No Brasil, a expressão cultura do estupro passou a ser usada com mais frequência a partir de 2016, quando a notícia de um estupro coletivo praticado no Rio de Janeiro ganhou uma repercussão imensa em todo o país e os julgamentos da moral da vítima e do lugar em que ela estava acabaram ganhando mais destaque em alguns meios que a violência extrema a que ela havia sido submetida.

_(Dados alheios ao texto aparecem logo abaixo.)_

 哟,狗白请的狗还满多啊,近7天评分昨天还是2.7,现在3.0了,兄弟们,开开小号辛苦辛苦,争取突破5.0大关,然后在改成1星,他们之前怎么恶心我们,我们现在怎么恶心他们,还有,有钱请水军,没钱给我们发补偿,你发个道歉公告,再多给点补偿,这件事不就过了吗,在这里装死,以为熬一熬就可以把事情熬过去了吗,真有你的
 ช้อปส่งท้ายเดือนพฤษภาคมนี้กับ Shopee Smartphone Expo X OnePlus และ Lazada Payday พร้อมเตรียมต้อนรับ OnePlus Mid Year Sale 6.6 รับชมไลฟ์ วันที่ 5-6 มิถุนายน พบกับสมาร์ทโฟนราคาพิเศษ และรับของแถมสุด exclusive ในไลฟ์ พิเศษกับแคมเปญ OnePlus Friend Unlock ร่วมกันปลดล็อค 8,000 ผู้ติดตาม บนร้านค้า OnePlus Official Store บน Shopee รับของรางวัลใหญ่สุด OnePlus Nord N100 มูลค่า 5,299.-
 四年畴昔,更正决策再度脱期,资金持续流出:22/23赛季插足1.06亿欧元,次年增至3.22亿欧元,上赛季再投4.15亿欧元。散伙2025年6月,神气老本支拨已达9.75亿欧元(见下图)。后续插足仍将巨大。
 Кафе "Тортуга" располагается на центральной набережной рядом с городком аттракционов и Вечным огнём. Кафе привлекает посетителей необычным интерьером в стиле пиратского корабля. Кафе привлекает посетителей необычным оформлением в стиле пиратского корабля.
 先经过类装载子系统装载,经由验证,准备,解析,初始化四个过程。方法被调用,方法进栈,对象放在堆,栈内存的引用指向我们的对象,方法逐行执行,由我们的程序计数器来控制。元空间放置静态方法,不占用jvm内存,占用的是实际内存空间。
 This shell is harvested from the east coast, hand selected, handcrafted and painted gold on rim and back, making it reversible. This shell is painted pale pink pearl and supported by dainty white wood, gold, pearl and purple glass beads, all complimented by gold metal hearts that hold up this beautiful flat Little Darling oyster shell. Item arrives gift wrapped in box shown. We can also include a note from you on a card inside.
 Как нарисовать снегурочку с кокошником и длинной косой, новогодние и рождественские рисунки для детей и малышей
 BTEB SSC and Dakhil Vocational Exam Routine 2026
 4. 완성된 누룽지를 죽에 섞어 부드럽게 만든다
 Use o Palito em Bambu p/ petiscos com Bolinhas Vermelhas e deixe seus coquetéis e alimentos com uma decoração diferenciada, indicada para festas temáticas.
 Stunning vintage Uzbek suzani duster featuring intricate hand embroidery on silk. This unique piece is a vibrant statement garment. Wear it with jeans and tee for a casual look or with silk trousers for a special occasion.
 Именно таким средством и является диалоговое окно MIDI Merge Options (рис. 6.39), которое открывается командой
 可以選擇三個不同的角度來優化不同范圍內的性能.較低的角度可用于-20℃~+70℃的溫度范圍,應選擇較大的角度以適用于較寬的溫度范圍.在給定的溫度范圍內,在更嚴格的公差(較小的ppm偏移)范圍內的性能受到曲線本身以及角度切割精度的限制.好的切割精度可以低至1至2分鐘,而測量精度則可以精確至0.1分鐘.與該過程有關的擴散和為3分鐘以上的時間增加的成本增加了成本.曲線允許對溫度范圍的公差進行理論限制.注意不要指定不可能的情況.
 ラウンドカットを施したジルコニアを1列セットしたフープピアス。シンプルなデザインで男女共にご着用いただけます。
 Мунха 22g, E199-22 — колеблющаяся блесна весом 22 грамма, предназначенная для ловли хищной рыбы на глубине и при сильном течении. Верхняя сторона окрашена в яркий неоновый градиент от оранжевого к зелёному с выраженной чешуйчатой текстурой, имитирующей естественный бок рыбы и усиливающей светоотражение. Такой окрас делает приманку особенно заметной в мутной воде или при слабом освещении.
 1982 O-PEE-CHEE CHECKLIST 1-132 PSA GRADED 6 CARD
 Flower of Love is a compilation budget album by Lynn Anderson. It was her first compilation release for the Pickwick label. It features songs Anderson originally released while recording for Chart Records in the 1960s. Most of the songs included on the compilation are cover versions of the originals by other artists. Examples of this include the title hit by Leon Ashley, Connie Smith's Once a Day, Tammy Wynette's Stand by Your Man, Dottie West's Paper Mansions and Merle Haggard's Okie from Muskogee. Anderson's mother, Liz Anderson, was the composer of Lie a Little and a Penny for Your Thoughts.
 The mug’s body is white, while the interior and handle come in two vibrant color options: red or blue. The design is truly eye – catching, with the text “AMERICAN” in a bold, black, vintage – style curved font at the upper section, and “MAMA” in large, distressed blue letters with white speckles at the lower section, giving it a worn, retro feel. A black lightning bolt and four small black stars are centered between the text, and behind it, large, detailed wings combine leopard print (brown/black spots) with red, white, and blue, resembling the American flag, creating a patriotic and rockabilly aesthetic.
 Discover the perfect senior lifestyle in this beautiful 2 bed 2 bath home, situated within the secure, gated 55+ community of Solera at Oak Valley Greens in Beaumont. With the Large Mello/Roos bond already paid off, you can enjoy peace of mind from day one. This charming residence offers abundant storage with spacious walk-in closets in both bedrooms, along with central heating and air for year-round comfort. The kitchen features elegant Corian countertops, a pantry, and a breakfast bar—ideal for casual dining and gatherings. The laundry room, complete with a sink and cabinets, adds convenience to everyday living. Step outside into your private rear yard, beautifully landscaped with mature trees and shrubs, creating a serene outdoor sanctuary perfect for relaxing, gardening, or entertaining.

Em um país no qual a cada 11 minutos uma mulher é estuprada e 10 casos de estupros coletivos são registrados por dia, o debate sobre a violência sexual, suas causas e consequências é extremamente urgente. Desse modo, diversos movimentos trazem o conceito de cultura do estupro como uma forma de refletir sobre o modo como meninos e meninas são educados desde a infância e sobre como há uma naturalização da violência contra a mulher em diversas instâncias. Conforme essa visão, quando se ensina, desde cedo, o menino a tratar a mulher como objeto sexual, a rir de piadas que a desqualificam ou a achar normal que homens façam comentários sobre os atributos físicos de uma mulher ou o seu modo de se vestir, temos a legitimação de práticas que alimentam essa cultura do estupro.
Desse modo, os movimentos que trazem essa discussão buscam deixar claro que estupro é crime hediondo, e assim deve ser tratado. Quem o pratica não é um monstro, é um homem comum, que usa o sexo forçado como uma forma de marcar sua posição de poder e explicitar o caráter inferior que atribui à mulher. Não há justificativas para a barbárie e a culpabilizar a vítima é mais uma forma de violência praticada contra ela.
Referências:
BROWNMILLER, Suzan. “Against our will: men, women and rape”. New York: Fawcett Columbine, 1975.
CAMPOS, Andrea Almeida. “A cultura do estupro como método perverso de controle nas sociedades patriarcais”. Revista Espaço Acadêmico. nº 183, agosto/2016.
http://periodicos.uem.br/ojs/index.php/EspacoAcademico/article/view/32937/17062
CAMPOS, Carmen Hein de; MACHADO, Lia Zanotta; NUNES, Jordana Klein; SILVA, Alexandra dos Reis. “Cultura do estupro ou cultura antiestupro?”. Revista Direito GV. vol. 13. nº 03. São Paulo. set/dez. 2007.
https://www.scielo.br/scielo.php?pid=S1808-24322017000300981&script=sci_arttext
MACHADO, Lia Zanotta. “Masculinidade, sexualidade e estupro: as construções da virilidade”. Cadernos Pagu, Campinas, n. 11, p. 231-273, 1998.
ROST, Mariana. “Convenções de gênero e violência sexual: a cultura do estupro no ciberespaço. Contemporânea: Revista de Comunicação e Cultura. vol. 13. nº 2, 20015.
https://cienciasmedicasbiologicas.ufba.br/index.php/contemporaneaposcom/article/view/13881/9878
ROST, Mariana. “Texto para divulgação”. “As atualizações e a persistência da cultura do estupro no Brasil”. Brasília: IPEA, 2017.